Lucio Villari, la Repubblica 13/11/2008, 13 novembre 2008
LUCIO VILLARI
Una parola fantasma è stata evocata e si aggira inquieta nel linguaggio politico e nei commenti preoccupati sull´attuale crisi finanziaria americana. C´è la indefinita, diffusa sensazione, tra la gente comune, che se non si riesce a dare corpo a questo fantasma, si rischia una grande depressione mondiale. Lo ha scritto esplicitamente in questi giorni il New York Times: «Il sistematico smantellamento di leggi che richiedevano le regole ha contribuito alla crisi attuale». La parola è, appunto, regole.
Gli economisti e gli uomini d´affari e di impresa, in caso di emergenza, ne parlano come di una verità ovvia. Sir Evelyn Rothschild, ma non è il solo, ha fatto ora la scoperta che nei comportamenti del mondo della finanza ci vorrebbe, ad esempio, l´etica. Gli uni e gli altri sono però, tranne qualche caso di coscienza infelice, interessati a non chiarire il senso di ciò cui alludono e sono più che mai preoccupati che i provvedimenti governativi di salvataggio e di intervento pubblico possano andare oltre il tempo necessario. In prospettiva, il pericolo vero sarebbe nel ritardato ritorno al libero mercato e nel rilancio di una «vecchia» idea di Stato interventista, che all´occorrenza sa nazionalizzare, pronto a occupare spazi incompatibili con la libertà economica.

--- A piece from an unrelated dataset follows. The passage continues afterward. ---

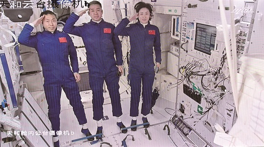 圖為6月5日進駐天和核心艙的航天員陳冬(中)、劉洋(右)和蔡旭哲向全國人民敬禮的畫面。新華社記者李鑫 攝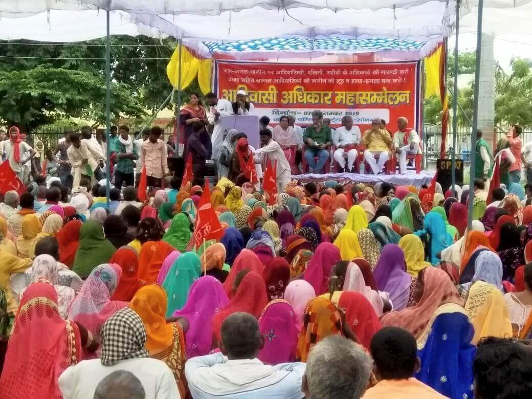 भाजपा आदिवासियों-दलितों से जल-जंगल-जमीन पर उनके पुश्तैनी अधिकारों को छीन लेना चाहती है. यह बात भाकपा(माले) के राष्ट्रीय महासचिव का. दीपंकर भट्टाचार्य ने सात सितंबर को राबट्र्सगंज (सोनभद्र) कचहरी परिसर में पार्टी द्वारा आयोजित आदिवासी अधिकार सम्मेलन में कही. उम्भा नरसंहार के विरोध में सोनभद्र, मिर्जापुर, चंदौली जिलों के आदिवासी बहुल क्षेत्रों में एक महीने तक चले ‘आदिवासी अधिकार व न्याय यात्रा’ के समापन पर इस सम्मेलन का आयोजन किया गया था.

Si intuisce comunque che le regole rinviano a qualcosa di positivo e di necessario a tutti («In un mercato senza regole - ha detto Tommaso Padoa Schioppa in una recente intervista a la Repubblica - nessuna istituzione finanziaria potrebbe resistere (...); e vanno bene in certi casi anche interventi straordinari dello Stato») ma, andando al concreto, non si riesce a leggere sui giornali e nelle dichiarazioni ufficiali una descrizione concettuale e teorica di esse, né vengono identificati codici precisi di comportamento. Non sono insomma prescrizioni organiche e definite, decaloghi cui si deve obbedienza, ma medicamenti di carattere straordinario (in «certi casi») e provvisorio. Infatti, fino alla crisi dei mutui si faceva della parola un uso discreto, timido, mai politico, prudentemente giornalistico. Alla fine, per i compiaciuti sostenitori ad oltranza del Mercato parlare di regole significava lambire il limite della bestemmia anche perché il promotore di esse non potrebbe che essere lo Stato. C´è voluto il presidente americano a rompere la minacciosa ellisse regole - Stato e a bestemmiare lasciando stupiti molti di loro. Si prenderà in pieno Congresso lo schiaffo, quanto mai comico, di bolscevico. Lo stesso tuttavia che negli anni Trenta fu appioppato a Roosevelt e che poi servì bene al maccartismo, alla deriva democratica dell´America negli anni Cinquanta e alla guerra fredda. Ma gli schiaffi non servono a molto.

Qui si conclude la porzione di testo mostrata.